-- Problem to solve --
If an entry includes an image, drop the image and copy the rest verbatim.

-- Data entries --
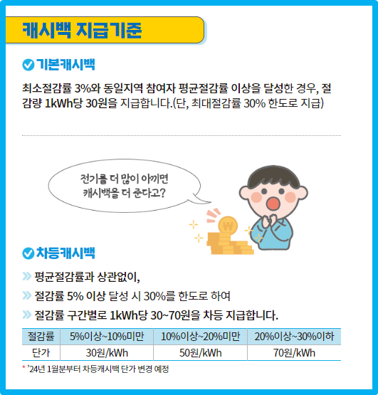 기본캐시백은 최소절감률 3%에 동일 지역 참여자 평균절감률 이상을 달성한 경우 절감량 1kWh 당 30원을 지급하며,
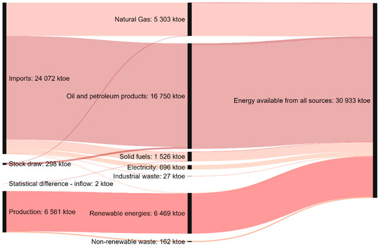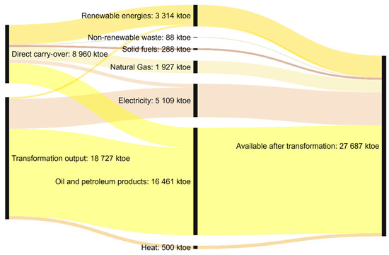 The “energy available from all sources” phase, includes the energy vectors of generation, imports, stock draw, and inflow of statistical difference (represents the negative statistical difference, that is the negative difference between the energy available for final consumption and final consumption). Regarding the “energy transformation” phase, it includes the energy input to all transformation processes (for example, crude oil, natural gas) and energy obtained as a result of all transformation processes (for example, refined petroleum products, electricity, or heat). The third phase is the “total energy available after transformation” phase, which intends to represent the disaggregation of the different energy vectors after the energy transformation carried out in Portuguese territory and the amounts of energy that do not suffer any transformation process (i.e., primary energy used directly in final consumption). Therefore, this phase represents the amounts of energy that are available for use. The last phase represents the breakdown of “final energy consumption” of all fuels used for energy purposes in the sectors of industry, transport, residential, commercial/services, agriculture, fishing, and other sectors on the one hand, as well as certain fuels used for non-energy purposes.
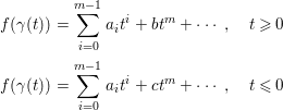 $$\begin{eqnarray}\tilde{{\it\sigma}}^{-1}({\it\gamma}(t))=\mathop{\sum }_{i=0}^{m}b_{i}t^{i}+bt^{\frac{p}{q}}+\cdots \,,\quad b\neq 0,\;m<\frac{p}{q}<m+1,\;t\geqslant 0.\end{eqnarray}$$
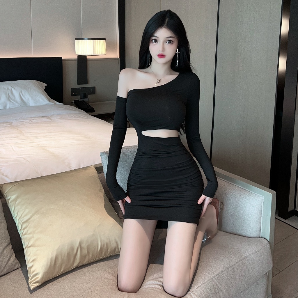 Gaun Mini Dress Bodycon Hitam One Shoulder Asimetris - Sempurna Untuk Gaya Malam Hari Anda W1069
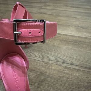Alexander McQueen Stiletto Sandal Heels Pink Calf Leather Satin US 6.5 / 36.5
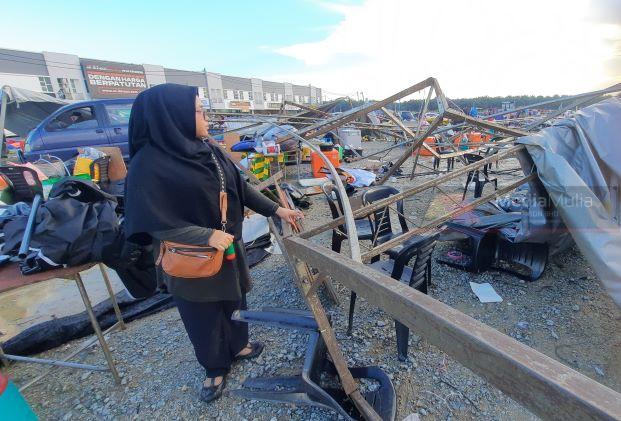 Peniaga tak sempat lari, bahu dihempap besi kanopi
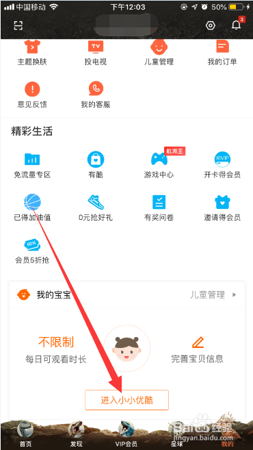 标的目的下拖动页面,点击页面最下方的“进入小小优酷”。
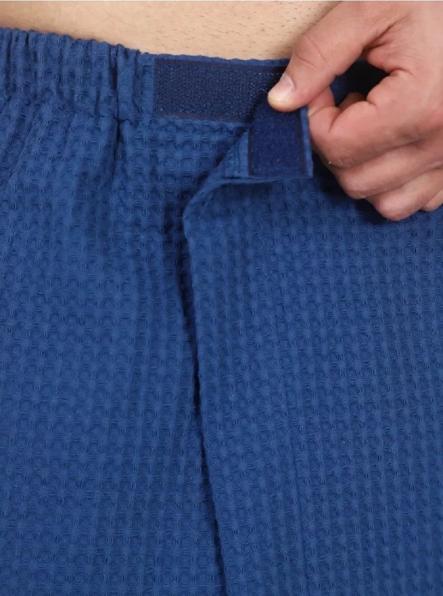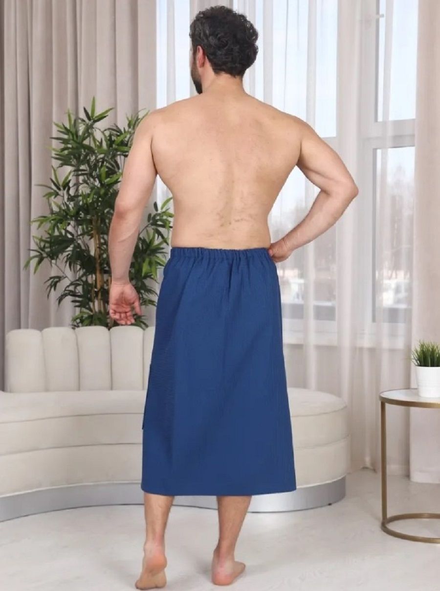 Килт банный мужской вафельный с вышивкой - полотенце-накидка на липучке для сауны и бани. Материал: высококачественное вафельное полотно, 100% хлопок. Плотность: 220 г/м2. Набедренное полотенце отлично держится за счет резинки и фиксации на широкую липучку. Килт для мужчин универсально подходит для любой комплекции с 44 по 52 размер. Имеется глубокий накладной карман с вышивкой "С легким паром" для хранения различных банных мелочей. Изделие приятно к телу, прекрасно впитывает влагу, быстро сохнет, хорошо переносит частые стирки, отличается долговечностью и прочностью. Это многофункциональный аксессуар, который обеспечит комфорт и удобство, а также гигиеническую защиту во время и после банных процедур. Килт можно постелить на лежак в сауне или использовать в качестве полотенца после душа, он удобен в массажном салоне или на пляже. Это замечательный подарок для мужчины - любителя парной, хаммама, сауны, бани, различных spa - комплексов!
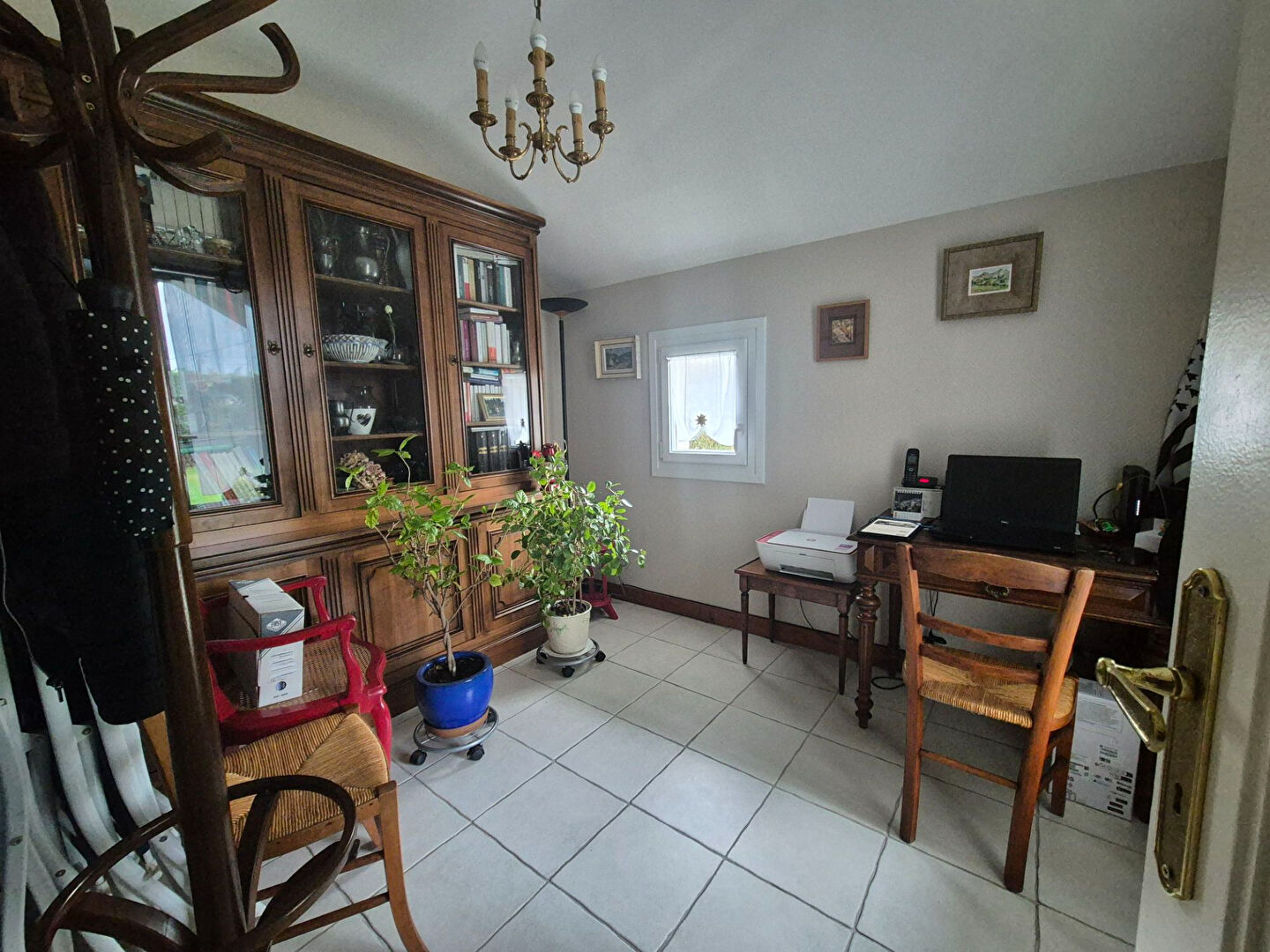 Entrée desservant un salon avec cheminée, un séjour, une cuisine (pouvant être ouverte sur le séjour), un bureau et un WC.
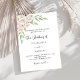 Fundo branco, decorado com flores brancas, peões e verde. Personalize e adicione o nome da noiva a ser e os detalhes da festa. Letras pretas e ouros coloridas.
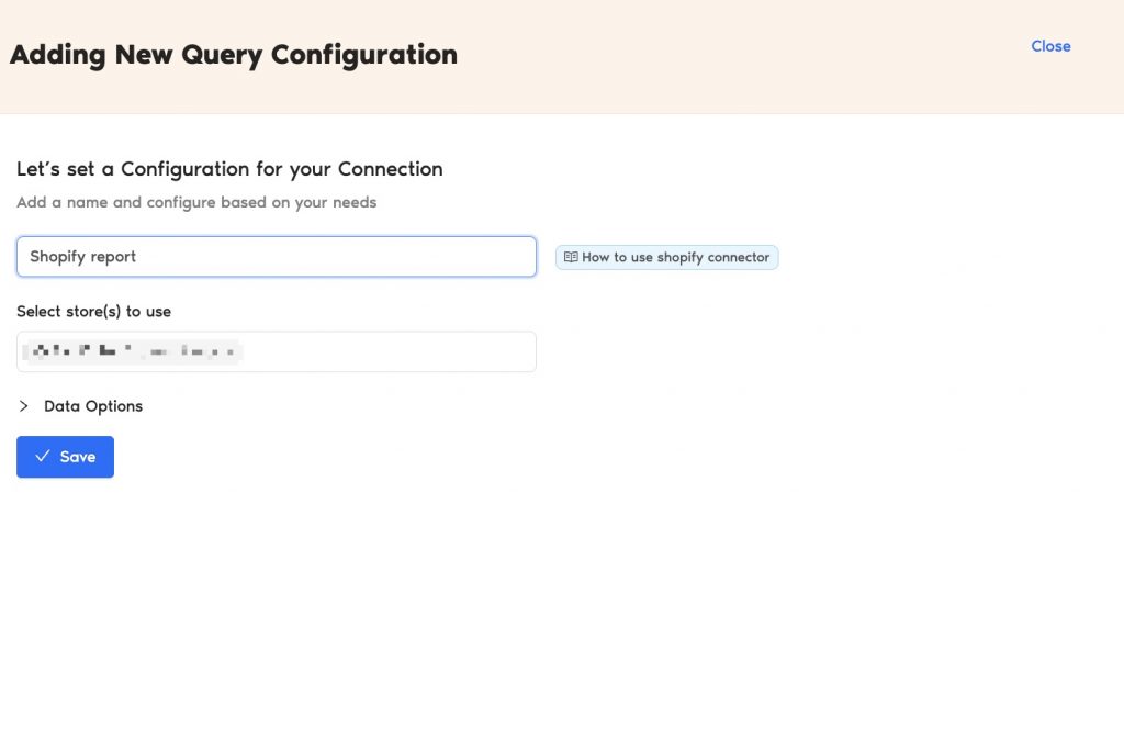 - The Adding New Query Configuration dialog box appears. Name the query config, select (from the list of enabled) store accounts from the dropdown, and configure your Shopify store report. Once done, click Save.
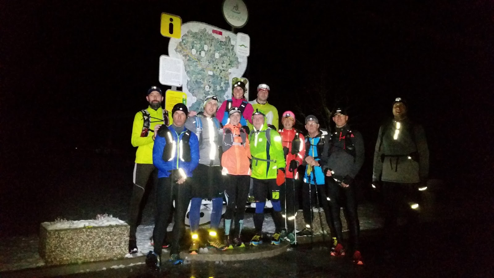 Petkovo popoldansko deževje se je malo pred začetkom Tektonika prevesilo v močno sneženje. Start prve etape je tako bil prav zimski, trasa že skoraj v celoti pobeljena. Startalo nas je 13, pričakovala sva jih precej več, a so priznali, da so se ustrašili vremena. Ker je Toni imel še nekaj priprav v klubu in je želel biti na okrepčevalnici v Sobračah, je zadnji trenutek mene zadolžil za navigacijo. Malo sem bila nepripravljena, a na srečo so me reševali aplikacija Oruxmaps ter Tonijev nečak Luka s prijateljem. Takoj v začetku sta potegnila naprej, z nami bi jima bilo prepočasi in nam tako puščala stopinje ter v snegu narisane puščice za pravo smer, kar nam je zelo olajšalo nočno navigacijo. Bilo je krasno, Bogdan in Mateja sta rekla NEBEŠKO! Sneženje je naredilo tisto piko na i, da nam bo prva etapa ostala v res lepem spominu. In kasneje je marsikomu bilo žal, da se je ustrašil vremena in ni bil z nami. Tudi večerna analiza je bila uspešna, letos sva dodela samooskrbo v smislu preskrbe s pijačo .. naložen hladilnih mrzlega pira je lahko vsak uporabljal samooskrbno .. kadarkoli in koliko koli. 🙂 Tonijev slogan “nikol še nismo šli, ne da bi še enga spili” je povzročil, da smo se ob enih zjutraj komaj poslovili. Katja in Andrej sta prespala v avtodomu, Borut, Marko, Aleš, Bogdan in Mateja pa v klubu.
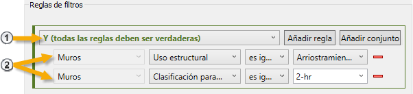 Por ejemplo, para crear un filtro que identifique puertas con una calificación para incendios de 2 horas, seleccione la categoría Puertas. Para crear un filtro que identifique puertas y muros con una calificación para incendios de 2 horas, seleccione las categorías Puertas y Muros.
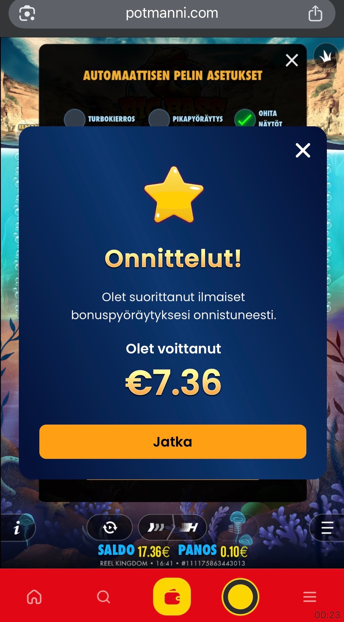 Näistä kahdesta valitsimme ensimmäisen ja onnistuimme voittamaan tarkalleen 7,36 euroa. (Katso kuva)
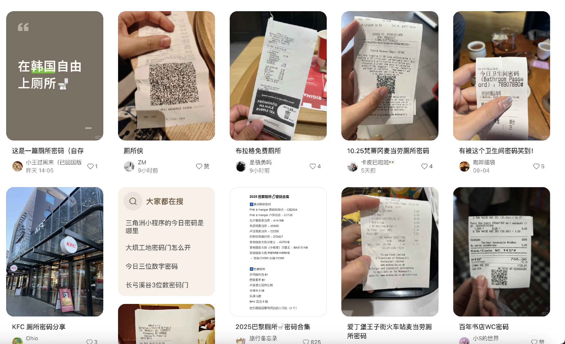 由于国外的某些地方习惯于把厕所密码打印在消费小票上,大量“只想出不想入”的人士都被谢绝门外。但这种消费习惯并不是所有人都能明白,所以一些厕所侠会在附近的社媒降临,在帖子上标注好时间和地点,把密码连带购物小票本体发在网上,拯救同胞。

-- Answer box --
 기본캐시백은 최소절감률 3%에 동일 지역 참여자 평균절감률 이상을 달성한 경우 절감량 1kWh 당 30원을 지급하며,
 The “energy available from all sources” phase, includes the energy vectors of generation, imports, stock draw, and inflow of statistical difference (represents the negative statistical difference, that is the negative difference between the energy available for final consumption and final consumption). Regarding the “energy transformation” phase, it includes the energy input to all transformation processes (for example, crude oil, natural gas) and energy obtained as a result of all transformation processes (for example, refined petroleum products, electricity, or heat). The third phase is the “total energy available after transformation” phase, which intends to represent the disaggregation of the different energy vectors after the energy transformation carried out in Portuguese territory and the amounts of energy that do not suffer any transformation process (i.e., primary energy used directly in final consumption). Therefore, this phase represents the amounts of energy that are available for use. The last phase represents the breakdown of “final energy consumption” of all fuels used for energy purposes in the sectors of industry, transport, residential, commercial/services, agriculture, fishing, and other sectors on the one hand, as well as certain fuels used for non-energy purposes.
 $$\begin{eqnarray}\tilde{{\it\sigma}}^{-1}({\it\gamma}(t))=\mathop{\sum }_{i=0}^{m}b_{i}t^{i}+bt^{\frac{p}{q}}+\cdots \,,\quad b\neq 0,\;m<\frac{p}{q}<m+1,\;t\geqslant 0.\end{eqnarray}$$
 Gaun Mini Dress Bodycon Hitam One Shoulder Asimetris - Sempurna Untuk Gaya Malam Hari Anda W1069
Alexander McQueen Stiletto Sandal Heels Pink Calf Leather Satin US 6.5 / 36.5
 Peniaga tak sempat lari, bahu dihempap besi kanopi
 标的目的下拖动页面,点击页面最下方的“进入小小优酷”。
 Килт банный мужской вафельный с вышивкой - полотенце-накидка на липучке для сауны и бани. Материал: высококачественное вафельное полотно, 100% хлопок. Плотность: 220 г/м2. Набедренное полотенце отлично держится за счет резинки и фиксации на широкую липучку. Килт для мужчин универсально подходит для любой комплекции с 44 по 52 размер. Имеется глубокий накладной карман с вышивкой "С легким паром" для хранения различных банных мелочей. Изделие приятно к телу, прекрасно впитывает влагу, быстро сохнет, хорошо переносит частые стирки, отличается долговечностью и прочностью. Это многофункциональный аксессуар, который обеспечит комфорт и удобство, а также гигиеническую защиту во время и после банных процедур. Килт можно постелить на лежак в сауне или использовать в качестве полотенца после душа, он удобен в массажном салоне или на пляже. Это замечательный подарок для мужчины - любителя парной, хаммама, сауны, бани, различных spa - комплексов!
 Entrée desservant un salon avec cheminée, un séjour, une cuisine (pouvant être ouverte sur le séjour), un bureau et un WC.
 Fundo branco, decorado com flores brancas, peões e verde. Personalize e adicione o nome da noiva a ser e os detalhes da festa. Letras pretas e ouros coloridas.
 - The Adding New Query Configuration dialog box appears. Name the query config, select (from the list of enabled) store accounts from the dropdown, and configure your Shopify store report. Once done, click Save.
 Petkovo popoldansko deževje se je malo pred začetkom Tektonika prevesilo v močno sneženje. Start prve etape je tako bil prav zimski, trasa že skoraj v celoti pobeljena. Startalo nas je 13, pričakovala sva jih precej več, a so priznali, da so se ustrašili vremena. Ker je Toni imel še nekaj priprav v klubu in je želel biti na okrepčevalnici v Sobračah, je zadnji trenutek mene zadolžil za navigacijo. Malo sem bila nepripravljena, a na srečo so me reševali aplikacija Oruxmaps ter Tonijev nečak Luka s prijateljem. Takoj v začetku sta potegnila naprej, z nami bi jima bilo prepočasi in nam tako puščala stopinje ter v snegu narisane puščice za pravo smer, kar nam je zelo olajšalo nočno navigacijo. Bilo je krasno, Bogdan in Mateja sta rekla NEBEŠKO! Sneženje je naredilo tisto piko na i, da nam bo prva etapa ostala v res lepem spominu. In kasneje je marsikomu bilo žal, da se je ustrašil vremena in ni bil z nami. Tudi večerna analiza je bila uspešna, letos sva dodela samooskrbo v smislu preskrbe s pijačo .. naložen hladilnih mrzlega pira je lahko vsak uporabljal samooskrbno .. kadarkoli in koliko koli. 🙂 Tonijev slogan “nikol še nismo šli, ne da bi še enga spili” je povzročil, da smo se ob enih zjutraj komaj poslovili. Katja in Andrej sta prespala v avtodomu, Borut, Marko, Aleš, Bogdan in Mateja pa v klubu.
 Por ejemplo, para crear un filtro que identifique puertas con una calificación para incendios de 2 horas, seleccione la categoría Puertas. Para crear un filtro que identifique puertas y muros con una calificación para incendios de 2 horas, seleccione las categorías Puertas y Muros.
 Näistä kahdesta valitsimme ensimmäisen ja onnistuimme voittamaan tarkalleen 7,36 euroa. (Katso kuva)
 由于国外的某些地方习惯于把厕所密码打印在消费小票上,大量“只想出不想入”的人士都被谢绝门外。但这种消费习惯并不是所有人都能明白,所以一些厕所侠会在附近的社媒降临,在帖子上标注好时间和地点,把密码连带购物小票本体发在网上,拯救同胞。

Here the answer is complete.